While it may seem a contradiction in terms, digital automation tools may make possible a new level of personalization in medical care.
Over the past several years, there has been a growing movement toward customizing medical care for the individual. This is not just a "feel good" social movement; it is a scientific realization that individualized care can be more effective than care designed for the masses.
From N=many to N=1
Before I explain about the automation, let me share a little history. The research of disease processes has, in the past, focused on studying large populations of people with common symptoms in an effort to find common denominators that could explain the underlying disease process. For example, 19th-century physician John Snow studied a population of cholera epidemic victims and discovered that contaminated drinking water was the source of contagion. Similarly the "gold standard" in medical research has been the "randomized clinical trial." In this study, a large number of patients are split into two equal groups, each of which receives a different therapy. The group that has the best overall outcome or response defines which therapy then becomes accepted.
This N=many approach (where N represents the size of the population in the study) has worked well, but it has its limitations. Human physiology is complex, with an enormous number of variations which can affect the disease process and response to treatment in an individual. Not all members of a group of patients with a given disease are alike.
And, too, a patient's environment -- including social network, education, personality and access to money and other resources -- can affect his or her ability to follow through with recommended treatments.

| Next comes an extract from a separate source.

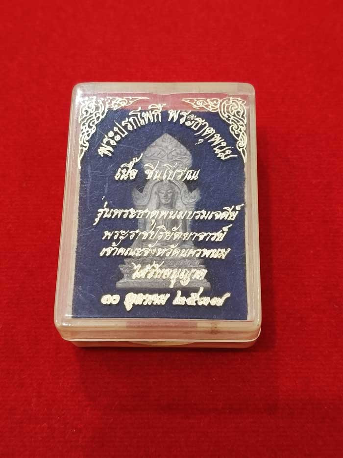 เคาะเดียวแดง พระปรกโพธิ์พระธาตุพนมเนื้อชินโบราณปี 2537 พร้อมกล่องเดิม |

As our knowledge of human physiology has grown, we've realized that we need an approach that accounts for these variations and designs treatments at the individual level. An N=1 approach, if you will.
After 23 years of searching, N=1 finds a cure
Eric Dishman of Intel is the perfect example of how the variation in human physiology can confound medical science. Dishman was diagnosed in college with what was thought to be a rare form of kidney cancer. Over the next 23 years he received a wide variety of treatments that had proved effective in treating kidney cancer (an N=many approach). While the treatments kept him alive, they were devastating to his system and didn't cure his cancer.
But Dishman got lucky. As part of his job as Intel's general manager for health and life sciences, he visited a number of enterprises involved in next generation genome sequencing. On one of those visits, on a whim, he had his entire genome sequenced and sent the results to his physicians. The genomic data revealed that the cancer in his kidneys was genetically much closer to a type of cancer commonly found in the pancreas. His treatment was changed to address the specific mutations of his cancer cells (an N=1 approach) and, 18 months later, he was free of cancer and healthy again.
Dishman, who has been an innovator in the field of patient-centered care and an advocate of the personalized approach to medicine, turned out to be the poster-child for why this matters. At this week's HIMSS14 conference, he is speaking on "N=1: Customizing Care for My Life and My DNA." I am privileged to join him during that talk to share an update on an "N=1" childhood neuroblastoma project that uses high-performance computing to speed up the process of whole genome sequencing. The genomic data pinpoints the best treatment for each young patient based on the specific mutations in that child's tumor.
As the title of Dishman's presentation suggests, our genomic data are clearly important, but make up only one piece of the N=1 approach. Creating a treatment plan that takes into account other physiologic data (proteins for example) as well as individual differences in lifestyle, environment and resources matters just as much as genomics.
Automation makes individualization possible
That's where automation can help clinicians provide personalized care. On a very simple level, clinicians can use customized text messages, sent automatically on a pre-set schedule, to remind patients to take medications on time, check their blood pressure or do other important health-related tasks.
Often, a patient's ability to comply with a treatment plan can be bolstered by having the right information at the right time. For example an automated text message could say, "7 a.m. Time to take your blood pressure medicine and your statin. That's one of the round blue pills and one of the pink oval pills. Take those pills with a full glass of water."
For older patients with multiple medications, having a reminder offered at the moment it's needed, complete with personalized instructions, could mean the difference between health and hospitalization. Without automation, caregivers couldn't offer that level of specificity and support to patients.
In the area of health coaching, which turns out to be pretty effective in helping prevent chronic disease complications, automated feedback messages can be very useful, offering multiple opportunities to guide patients to appropriate diet and exercise choices, timed to arrive at the moment when the advice is most needed. They can also offer positive reinforcement, which can be a powerful motivator.
Better care, lowered costs, will earn support for N=1
While these may seem like simple tools, there is growing data that they can be very effective at keeping patients out of the hospital, saving money and improving the quality of life. And there are thousands of developers working on many more digital tools that will be customized to individual needs. Medicare and private health plans are starting to take note of the effectiveness of digital tools and have begun reimbursing for some of them.
As the N=1 approach proves its effectiveness in reducing costs by reducing hospitalizations and expensive complications, payers will not only support it, they will insist on it. And automated digital tools will quickly become ubiquitous in healthcare.